#### Exercise directions
Go through the records below and set each one down exactly, leaving out any pictures.
--------------------
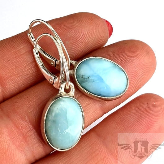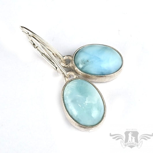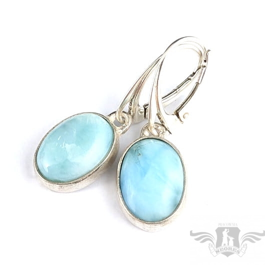 Kolczyki z naturalnymi larimarami oprawionymi w srebro próby 925. Wymiary całej oprawy 15 x 11 mm. Długość z biglami 33 mm. Waga jednego 3,5 g. Zostaną zapakowane w ozdobne pudełeczko.
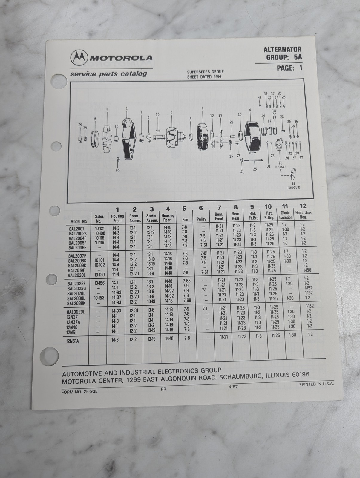 Motorola Service Repair Parts Catalog List Book Manual Alternator Group 5A 1987
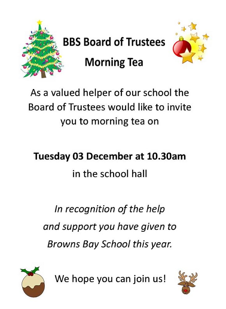Tuesday 03 December - BBS Board of Trustees Parent Helpers Morning Tea - 10.30am (School Hall)
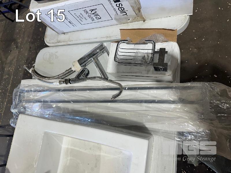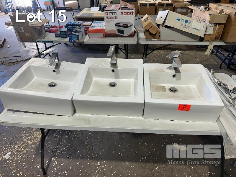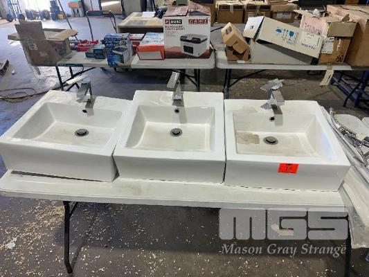 3 RAISED SINK UNITS WITH TAPS & BATHROOM HARDWARE
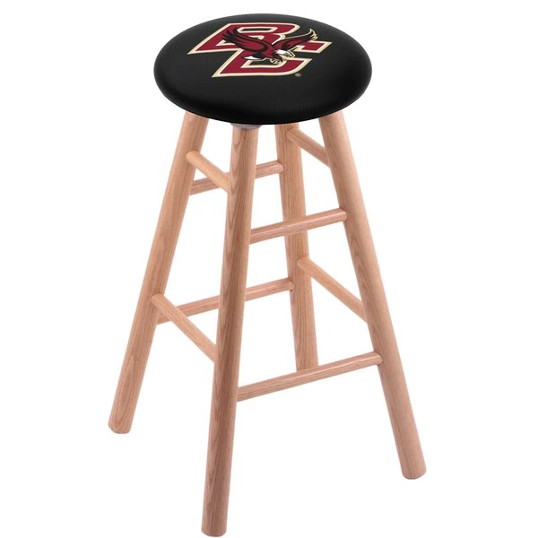 Made for the ultimate sports fan, you will be proud to show where your loyalty lies with this impressive Officially Licensed stool from the Holland Bar Stool Co. You won't find a higher quality logo stool on the market. This logo swivel height stool is very versatile and built from the very highest quality U.S. sourced, solid oak or maple. A state of the art print process is used in applying specially formulated UV vinyl ink in numerous stages to produce a sharp, crisp, clear image to ensure a perfect reproduction of the logo. The legs are a full 1 3⁄4” thick and the stretchers are 1” thick. The way the base is constructed is second to none. The joints are secured with both epoxy glue and screws to ensure the highest strength and quality for any application. The 52 ball bearing swivel eliminates any unnecessary torque on the joints, so your base will not “wobble” like lesser quality wood seating. The 14 1⁄2” wide cushion seats are of the highest quality as well, utilizing a breathable, commercial grade vinyl or fabric. At the heart of the cushion is 2 1/2 inches of highly-dense foam that provides maximum support and will not breakdown in a couple years. A multi step finishing process ensures a durable, great looking finish for years to come. If you are in the market for a cool, Officially Licensed logo stool – do it right, with help from the Holland Bar Stool Co.
--------------------
#### Answer space
 Kolczyki z naturalnymi larimarami oprawionymi w srebro próby 925. Wymiary całej oprawy 15 x 11 mm. Długość z biglami 33 mm. Waga jednego 3,5 g. Zostaną zapakowane w ozdobne pudełeczko.
 Motorola Service Repair Parts Catalog List Book Manual Alternator Group 5A 1987
Tuesday 03 December - BBS Board of Trustees Parent Helpers Morning Tea - 10.30am (School Hall)
 3 RAISED SINK UNITS WITH TAPS & BATHROOM HARDWARE
 Made for the ultimate sports fan, you will be proud to show where your loyalty lies with this impressive Officially Licensed stool from the Holland Bar Stool Co. You won't find a higher quality logo stool on the market. This logo swivel height stool is very versatile and built from the very highest quality U.S. sourced, solid oak or maple. A state of the art print process is used in applying specially formulated UV vinyl ink in numerous stages to produce a sharp, crisp, clear image to ensure a perfect reproduction of the logo. The legs are a full 1 3⁄4” thick and the stretchers are 1” thick. The way the base is constructed is second to none. The joints are secured with both epoxy glue and screws to ensure the highest strength and quality for any application. The 52 ball bearing swivel eliminates any unnecessary torque on the joints, so your base will not “wobble” like lesser quality wood seating. The 14 1⁄2” wide cushion seats are of the highest quality as well, utilizing a breathable, commercial grade vinyl or fabric. At the heart of the cushion is 2 1/2 inches of highly-dense foam that provides maximum support and will not breakdown in a couple years. A multi step finishing process ensures a durable, great looking finish for years to come. If you are in the market for a cool, Officially Licensed logo stool – do it right, with help from the Holland Bar Stool Co.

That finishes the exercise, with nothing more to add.